1) Salary. In some states the teacher gets to choose whether they want the salary on a 9 or 12 month scale.

2) $15k-$20k minimum is highly subjective, and in most states the district/ township PAYS for most if not all of those courses for teachers renewing certificates.

3) You're right, teachers have no say who is retained and who is not. In the state of PA, if you get satisfactory or higher evals for 3 years you have your TENURE.

4) I don't think Pat (or myself) is bashing the entire profession. But it's an entirely screwed up system right now and it's getting worse fast. Bottom line is the really dedicated and talented teachers aren't rewarded enough, but the lazy and worthless teachers are protected because the unions want their money.

I teach in a right-to-work state and have chosen not to be a member of the union, so I'm far from a union president.

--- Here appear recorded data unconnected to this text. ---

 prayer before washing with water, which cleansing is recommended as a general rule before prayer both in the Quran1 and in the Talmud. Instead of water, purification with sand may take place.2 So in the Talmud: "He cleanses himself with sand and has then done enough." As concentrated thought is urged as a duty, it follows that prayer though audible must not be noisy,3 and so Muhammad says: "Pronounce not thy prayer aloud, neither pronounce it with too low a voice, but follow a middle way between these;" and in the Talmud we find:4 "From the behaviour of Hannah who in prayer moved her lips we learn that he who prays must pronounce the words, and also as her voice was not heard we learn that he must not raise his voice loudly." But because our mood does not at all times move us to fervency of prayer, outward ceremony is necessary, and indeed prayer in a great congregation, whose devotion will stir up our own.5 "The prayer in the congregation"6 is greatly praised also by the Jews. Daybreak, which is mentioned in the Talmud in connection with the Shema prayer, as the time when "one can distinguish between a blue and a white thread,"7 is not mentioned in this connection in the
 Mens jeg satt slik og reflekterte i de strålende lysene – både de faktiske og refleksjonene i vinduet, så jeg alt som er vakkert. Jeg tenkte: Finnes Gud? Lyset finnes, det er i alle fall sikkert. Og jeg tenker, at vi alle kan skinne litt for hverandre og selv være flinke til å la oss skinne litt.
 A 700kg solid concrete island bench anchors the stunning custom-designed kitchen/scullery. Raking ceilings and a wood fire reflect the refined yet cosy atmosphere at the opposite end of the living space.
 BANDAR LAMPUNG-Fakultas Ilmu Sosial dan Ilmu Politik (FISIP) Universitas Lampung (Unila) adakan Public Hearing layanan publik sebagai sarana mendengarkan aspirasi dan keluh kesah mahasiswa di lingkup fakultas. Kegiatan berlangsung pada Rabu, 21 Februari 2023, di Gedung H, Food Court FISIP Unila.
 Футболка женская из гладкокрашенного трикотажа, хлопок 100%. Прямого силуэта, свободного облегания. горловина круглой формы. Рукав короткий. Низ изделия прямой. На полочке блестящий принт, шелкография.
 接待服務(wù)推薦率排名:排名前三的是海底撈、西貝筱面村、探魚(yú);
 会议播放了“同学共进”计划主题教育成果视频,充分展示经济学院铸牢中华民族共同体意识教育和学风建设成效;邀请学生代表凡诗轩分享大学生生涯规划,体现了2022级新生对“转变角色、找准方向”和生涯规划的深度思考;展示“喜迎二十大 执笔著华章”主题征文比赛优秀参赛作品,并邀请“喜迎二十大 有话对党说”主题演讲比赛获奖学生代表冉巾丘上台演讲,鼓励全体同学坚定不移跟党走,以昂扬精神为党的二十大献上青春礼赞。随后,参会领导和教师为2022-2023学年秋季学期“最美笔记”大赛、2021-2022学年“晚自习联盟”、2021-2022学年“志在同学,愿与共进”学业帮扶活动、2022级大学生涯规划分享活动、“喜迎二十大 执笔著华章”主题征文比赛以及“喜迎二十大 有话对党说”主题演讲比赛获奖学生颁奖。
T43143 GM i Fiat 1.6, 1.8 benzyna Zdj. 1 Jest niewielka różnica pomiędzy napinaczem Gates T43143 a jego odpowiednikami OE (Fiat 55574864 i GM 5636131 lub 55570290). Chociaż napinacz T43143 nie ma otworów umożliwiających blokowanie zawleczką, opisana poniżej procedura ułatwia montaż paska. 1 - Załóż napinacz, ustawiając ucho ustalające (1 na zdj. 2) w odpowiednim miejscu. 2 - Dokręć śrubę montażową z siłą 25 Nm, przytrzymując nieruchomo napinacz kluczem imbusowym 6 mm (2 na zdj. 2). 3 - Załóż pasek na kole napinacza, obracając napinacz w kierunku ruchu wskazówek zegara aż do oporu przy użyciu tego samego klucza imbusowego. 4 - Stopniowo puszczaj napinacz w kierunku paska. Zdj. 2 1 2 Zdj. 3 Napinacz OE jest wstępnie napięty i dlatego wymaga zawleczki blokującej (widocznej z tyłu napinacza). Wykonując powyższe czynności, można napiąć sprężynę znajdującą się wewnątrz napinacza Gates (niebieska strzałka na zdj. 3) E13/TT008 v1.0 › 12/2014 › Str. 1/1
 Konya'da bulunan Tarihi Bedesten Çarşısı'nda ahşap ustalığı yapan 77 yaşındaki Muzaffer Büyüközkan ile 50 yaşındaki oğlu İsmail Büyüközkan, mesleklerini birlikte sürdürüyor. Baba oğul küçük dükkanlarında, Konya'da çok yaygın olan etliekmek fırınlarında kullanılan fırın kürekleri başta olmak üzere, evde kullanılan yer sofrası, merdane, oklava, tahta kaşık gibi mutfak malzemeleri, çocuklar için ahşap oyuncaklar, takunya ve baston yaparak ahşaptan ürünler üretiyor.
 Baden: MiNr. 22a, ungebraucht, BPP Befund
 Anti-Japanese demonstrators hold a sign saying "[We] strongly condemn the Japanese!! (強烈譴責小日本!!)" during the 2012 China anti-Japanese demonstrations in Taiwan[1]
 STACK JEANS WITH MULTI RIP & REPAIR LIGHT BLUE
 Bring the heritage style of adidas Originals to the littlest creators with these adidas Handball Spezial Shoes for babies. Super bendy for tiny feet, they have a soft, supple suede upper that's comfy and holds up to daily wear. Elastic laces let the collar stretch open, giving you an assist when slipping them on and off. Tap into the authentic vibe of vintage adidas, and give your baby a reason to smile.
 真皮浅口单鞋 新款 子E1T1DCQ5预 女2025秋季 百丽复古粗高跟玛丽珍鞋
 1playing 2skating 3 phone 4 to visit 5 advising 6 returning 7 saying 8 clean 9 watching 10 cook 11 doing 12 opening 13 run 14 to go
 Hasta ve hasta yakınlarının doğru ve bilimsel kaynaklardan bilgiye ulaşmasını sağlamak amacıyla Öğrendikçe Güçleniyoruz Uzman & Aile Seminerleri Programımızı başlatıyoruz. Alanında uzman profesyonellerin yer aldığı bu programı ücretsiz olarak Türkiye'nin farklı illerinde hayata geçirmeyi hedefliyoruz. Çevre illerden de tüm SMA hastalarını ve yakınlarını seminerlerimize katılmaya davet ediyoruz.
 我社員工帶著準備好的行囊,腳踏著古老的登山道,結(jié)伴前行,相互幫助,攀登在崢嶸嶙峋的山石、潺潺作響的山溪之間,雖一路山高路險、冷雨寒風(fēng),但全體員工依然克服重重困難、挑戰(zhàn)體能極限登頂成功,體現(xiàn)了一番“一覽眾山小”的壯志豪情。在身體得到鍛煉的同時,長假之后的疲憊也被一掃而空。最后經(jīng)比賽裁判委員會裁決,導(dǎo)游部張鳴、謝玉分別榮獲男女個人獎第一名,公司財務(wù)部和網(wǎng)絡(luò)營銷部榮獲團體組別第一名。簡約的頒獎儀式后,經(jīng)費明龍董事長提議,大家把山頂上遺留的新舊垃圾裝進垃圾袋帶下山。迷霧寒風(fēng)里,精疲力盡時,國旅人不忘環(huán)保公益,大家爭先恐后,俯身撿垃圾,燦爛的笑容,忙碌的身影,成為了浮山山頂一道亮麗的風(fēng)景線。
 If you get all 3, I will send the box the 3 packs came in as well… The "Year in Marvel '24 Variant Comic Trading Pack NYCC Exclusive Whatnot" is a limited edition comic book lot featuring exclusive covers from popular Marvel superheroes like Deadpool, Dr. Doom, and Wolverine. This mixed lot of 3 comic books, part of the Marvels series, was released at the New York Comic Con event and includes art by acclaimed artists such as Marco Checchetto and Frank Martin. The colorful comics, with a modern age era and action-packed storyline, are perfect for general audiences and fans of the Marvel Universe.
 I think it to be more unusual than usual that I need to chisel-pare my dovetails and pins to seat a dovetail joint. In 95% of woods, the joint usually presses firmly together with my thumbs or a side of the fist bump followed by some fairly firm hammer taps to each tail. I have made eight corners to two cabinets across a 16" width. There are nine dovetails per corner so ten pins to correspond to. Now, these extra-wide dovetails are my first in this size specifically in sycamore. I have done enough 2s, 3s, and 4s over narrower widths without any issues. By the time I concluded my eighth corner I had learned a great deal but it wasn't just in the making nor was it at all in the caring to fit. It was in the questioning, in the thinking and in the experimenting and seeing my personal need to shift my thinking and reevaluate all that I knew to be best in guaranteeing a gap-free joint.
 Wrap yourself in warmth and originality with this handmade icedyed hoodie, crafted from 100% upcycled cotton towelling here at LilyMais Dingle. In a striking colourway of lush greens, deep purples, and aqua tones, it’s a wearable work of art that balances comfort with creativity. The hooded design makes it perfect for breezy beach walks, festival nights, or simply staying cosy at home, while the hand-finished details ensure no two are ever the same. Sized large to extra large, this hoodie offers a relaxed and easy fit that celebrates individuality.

Although I have yet to be a victim, I work for a school superintendent who uses his position to bully and subject his teachers to his vindictive tirades.
1) Whether you take your salary over nine months or over 12 months, you are only being paid for nine. The public perception that teachers get paid for sitting around all summer is far from the truth.
2) I'd love to work in a district that pays for the credits I am required to earn, but it hasn't happened in 40 years. The state requires the coursework, and I am required to pay for it.
3) Tenure no longer exists in my state. You are at the mercy of your local superintendent and school board, who, in my district, can dismiss you without cause or explanation. Even when tenure did exist, all that was required was to document that the teacher was not competent. Since the administration had no idea who was and who was not competent, no one was ever fired. Once again, it isn't the teachers who are defending incompetent teachers. It was administrators who failed to document that a teacher was being fired for incompetence and not for retirbution. It may be the unions, but it sure isn't the rank-and-file defending incompetency.
4) I will grant you your argument that the entire system is screwed up, but excellent teachers are losing jobs or leaving the profession for all the wrong reasons and having their salaries and benefits cut to punish the incompetent among us. I'm not sure what you do for a living, but I would bet you'd be upset if your salary and benefits were being taken away because some of your colleagues weren't doing their job even though you had been working diligently at yours. In other words, the present system punishes the innocent right along with the guilty. Sure doesn't sound like a formula for encouraging the best and the brightest to pursue a career in teaching.
 

NDinL.A.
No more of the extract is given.